The Court of Appeals then examined the plaintiff’s equitable tolling argument in support of allowing consideration of his discrimination charges, which were filed two-and-a-half years after his first employment application with the defendant and well beyond the 180-day statute of limitations. The plaintiff alleged that he was entitled to equitable tolling because he did not know—nor could he have known—that he had been discriminated against until he learned in April 2010 about the resume review guidelines and the defendant’s hiring practices. The District Court had found that Mr. Villarreal was not entitled to equitable tolling because he did not allege either that Reynolds had misrepresented relevant facts or that he had diligently pursued his rights by asking the company why he had not been hired. However, the Court of Appeals found that the District Court incorrectly required the plaintiff to have made those allegations.

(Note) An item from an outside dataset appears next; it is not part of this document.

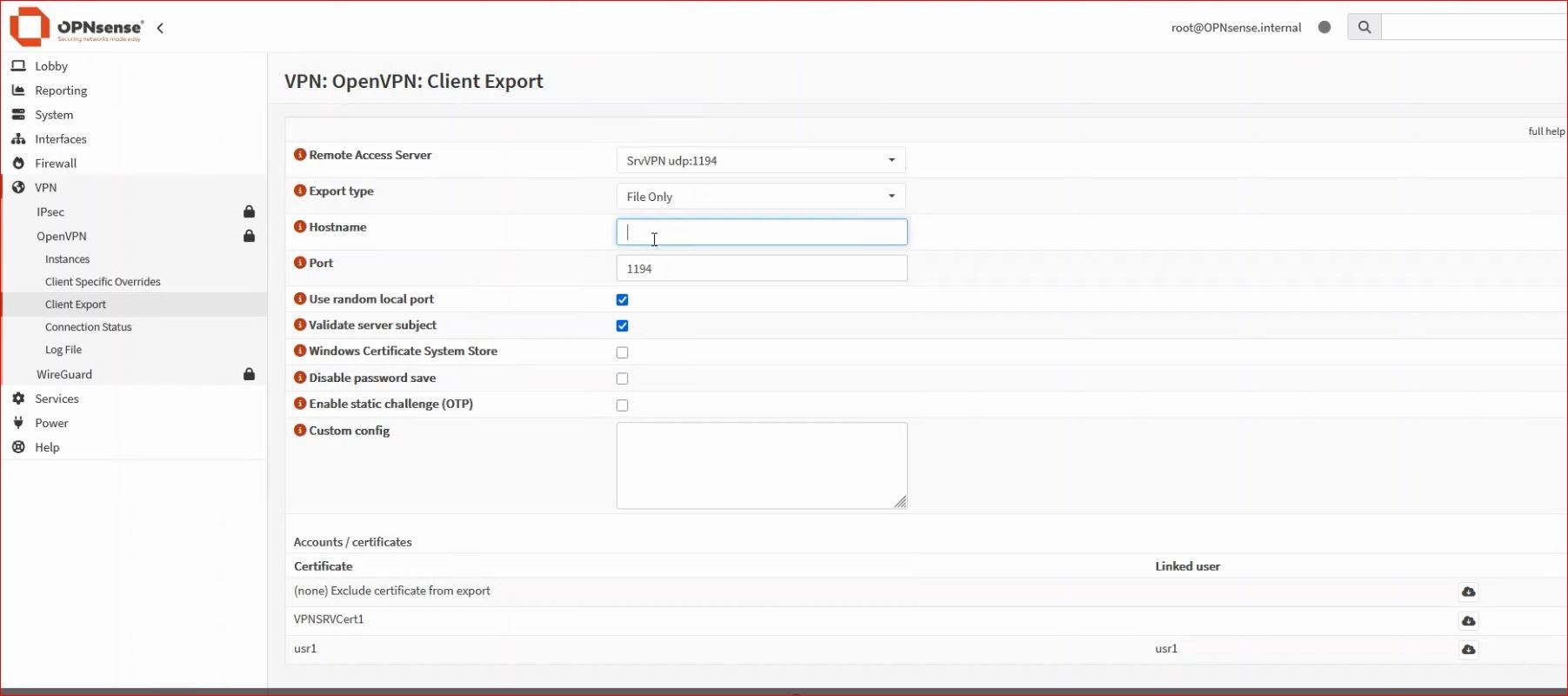OpnSense ha l’utility client export inclusa. Nel campo Hostname dovete mettere l’ip oppure l’FQDN che punta all’IP pubblico con cui potete raggiungere il firewall sulla WAN.
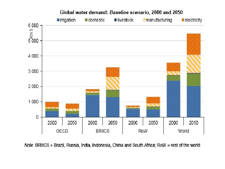 National Water Footprint for selected countries, in cubic meters person per year 3000 2500 2000 1500 Agricultural goods Industrial goods 1000 Domestic water consumption 500 C hi na In di Ja a Pa pan k In ista do n ne si a Br az M il ex i R co us Th sia ai la nd Ita ly U SA 0

According to the Court of Appeals, a “reasonably prudent” person standard should be applied to determining whether to equitably toll the limitations period in employment discrimination cases. This standard would not require employer misrepresentation. Rather, in such cases, the inquiry a court would make in deciding whether to toll the limitations period would be whether the facts supporting a cause of action for discrimination became apparent or should have become apparent to a reasonably prudent person. In this case, the Court of Appeals observed that because the defendant never contacted Mr. Villarreal about his application until April 2010, he could only have known that he applied for the position but was not offered a job. The Court of Appeals concluded that these were insufficient facts to support his cause of action and start the running of the limitations period prior to that date.
The Court of Appeals made two key rulings in Villarreal, one regarding the applicability of the disparate impact theory to applicants and one on the equitable tolling of the statute of limitations. Yet the latter ruling is likely to have a more far-reaching consequence by facilitating a substantial number of discrimination claims of all types (race, sex, religion, national origin, and disability, in addition to age as in this case) to be filed perhaps even several years after job seekers have applied for positions. Employers may want to review their application screening procedures and other hiring processes to gain assurance that they are not adversely affecting protected groups.
1. If there is a fair employment practices agency in the plaintiff's area that enforces a state or local law that prohibits the same type of discrimination as is alleged under federal law, the deadline for filing a discrimination charge with the federal EEOC is extended to 300 days.
2. The EEOC regulation implementing Section 4(a)(2) of the ADEA, 29 CFR §1625.7(c), states, “Any employment practice that adversely affects individuals within the protected age group on the basis of older age is discriminatory unless the practice is justified by a ‘reasonable factor other than age.’” The regulation extends disparate impact liability to all “individuals within the protected age group.” The EEOC argued in an amicus curiae brief filed in support of the plaintiff that the regulation therefore established the agency’s view that Section 4(a)(2) protects any individual an employer discriminates against.